- Task item -
Your task is to reproduce, verbatim and without pictures, the lines from the opening of the listing through the line containing "Dann wurde es".

- Exercise data -
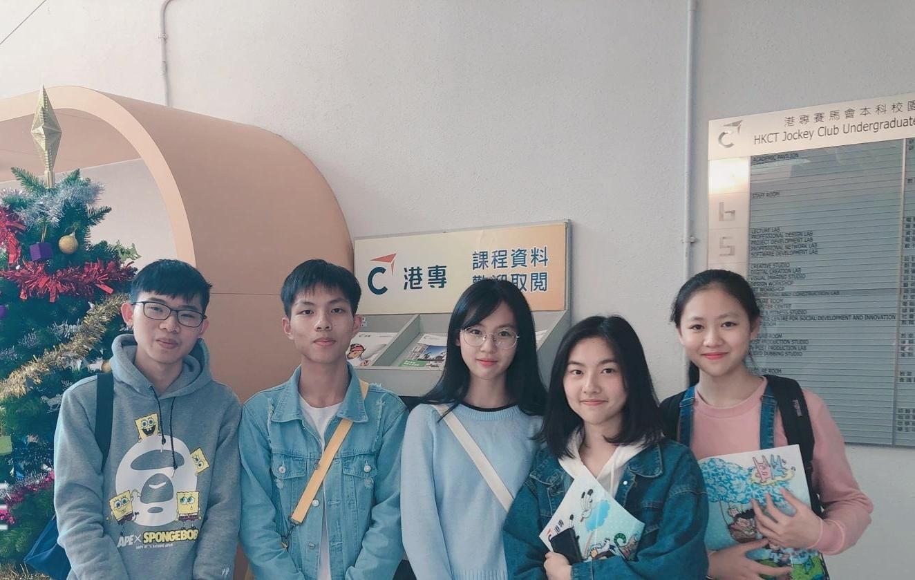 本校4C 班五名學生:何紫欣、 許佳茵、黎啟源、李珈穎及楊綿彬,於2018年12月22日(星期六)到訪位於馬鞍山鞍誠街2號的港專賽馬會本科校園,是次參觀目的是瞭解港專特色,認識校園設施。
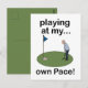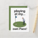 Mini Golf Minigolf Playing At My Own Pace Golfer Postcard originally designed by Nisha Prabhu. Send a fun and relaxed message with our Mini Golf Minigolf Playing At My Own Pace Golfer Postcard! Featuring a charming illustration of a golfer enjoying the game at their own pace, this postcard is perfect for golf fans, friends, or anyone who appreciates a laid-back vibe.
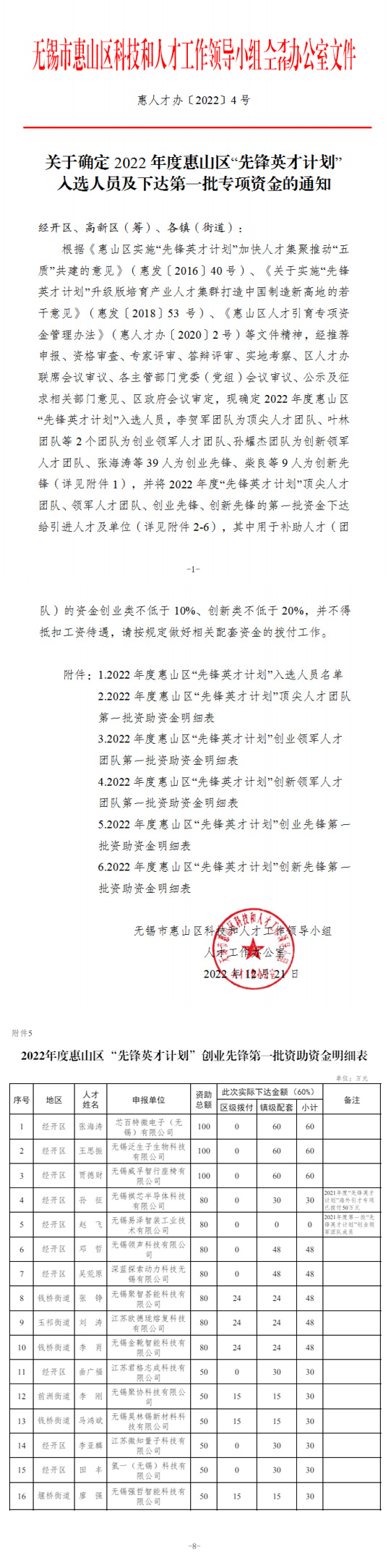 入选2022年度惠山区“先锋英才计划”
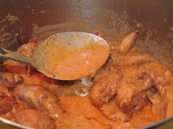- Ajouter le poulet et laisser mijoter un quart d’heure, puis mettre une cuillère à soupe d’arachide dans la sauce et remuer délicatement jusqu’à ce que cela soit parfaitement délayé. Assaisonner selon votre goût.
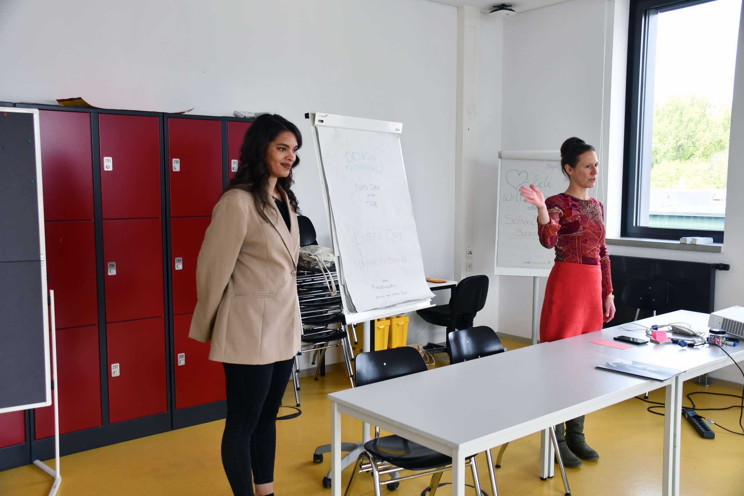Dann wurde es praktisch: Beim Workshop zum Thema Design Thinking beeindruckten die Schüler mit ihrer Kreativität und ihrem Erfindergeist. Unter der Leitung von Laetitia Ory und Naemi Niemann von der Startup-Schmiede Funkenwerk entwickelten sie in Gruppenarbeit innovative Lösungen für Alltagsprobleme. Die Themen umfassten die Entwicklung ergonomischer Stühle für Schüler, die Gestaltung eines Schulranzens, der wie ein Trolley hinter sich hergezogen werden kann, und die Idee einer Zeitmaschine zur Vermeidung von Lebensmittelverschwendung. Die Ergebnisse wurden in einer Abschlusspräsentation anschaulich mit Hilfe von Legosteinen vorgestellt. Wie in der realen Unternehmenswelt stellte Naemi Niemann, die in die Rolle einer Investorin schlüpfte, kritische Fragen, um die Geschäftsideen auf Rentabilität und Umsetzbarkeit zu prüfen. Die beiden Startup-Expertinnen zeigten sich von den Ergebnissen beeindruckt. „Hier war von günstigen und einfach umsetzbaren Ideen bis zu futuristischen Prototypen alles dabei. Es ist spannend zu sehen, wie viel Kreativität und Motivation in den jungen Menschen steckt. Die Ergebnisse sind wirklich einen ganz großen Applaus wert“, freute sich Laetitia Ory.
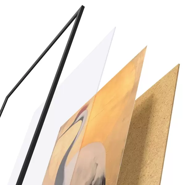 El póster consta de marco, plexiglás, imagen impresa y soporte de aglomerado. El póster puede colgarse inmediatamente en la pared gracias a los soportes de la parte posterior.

- Completed exercise -
 本校4C 班五名學生:何紫欣、 許佳茵、黎啟源、李珈穎及楊綿彬,於2018年12月22日(星期六)到訪位於馬鞍山鞍誠街2號的港專賽馬會本科校園,是次參觀目的是瞭解港專特色,認識校園設施。
 Mini Golf Minigolf Playing At My Own Pace Golfer Postcard originally designed by Nisha Prabhu. Send a fun and relaxed message with our Mini Golf Minigolf Playing At My Own Pace Golfer Postcard! Featuring a charming illustration of a golfer enjoying the game at their own pace, this postcard is perfect for golf fans, friends, or anyone who appreciates a laid-back vibe.
 入选2022年度惠山区“先锋英才计划”
- Ajouter le poulet et laisser mijoter un quart d’heure, puis mettre une cuillère à soupe d’arachide dans la sauce et remuer délicatement jusqu’à ce que cela soit parfaitement délayé. Assaisonner selon votre goût.
Dann wurde es praktisch: Beim Workshop zum Thema Design Thinking beeindruckten die Schüler mit ihrer Kreativität und ihrem Erfindergeist. Unter der Leitung von Laetitia Ory und Naemi Niemann von der Startup-Schmiede Funkenwerk entwickelten sie in Gruppenarbeit innovative Lösungen für Alltagsprobleme. Die Themen umfassten die Entwicklung ergonomischer Stühle für Schüler, die Gestaltung eines Schulranzens, der wie ein Trolley hinter sich hergezogen werden kann, und die Idee einer Zeitmaschine zur Vermeidung von Lebensmittelverschwendung. Die Ergebnisse wurden in einer Abschlusspräsentation anschaulich mit Hilfe von Legosteinen vorgestellt. Wie in der realen Unternehmenswelt stellte Naemi Niemann, die in die Rolle einer Investorin schlüpfte, kritische Fragen, um die Geschäftsideen auf Rentabilität und Umsetzbarkeit zu prüfen. Die beiden Startup-Expertinnen zeigten sich von den Ergebnissen beeindruckt. „Hier war von günstigen und einfach umsetzbaren Ideen bis zu futuristischen Prototypen alles dabei. Es ist spannend zu sehen, wie viel Kreativität und Motivation in den jungen Menschen steckt. Die Ergebnisse sind wirklich einen ganz großen Applaus wert“, freute sich Laetitia Ory.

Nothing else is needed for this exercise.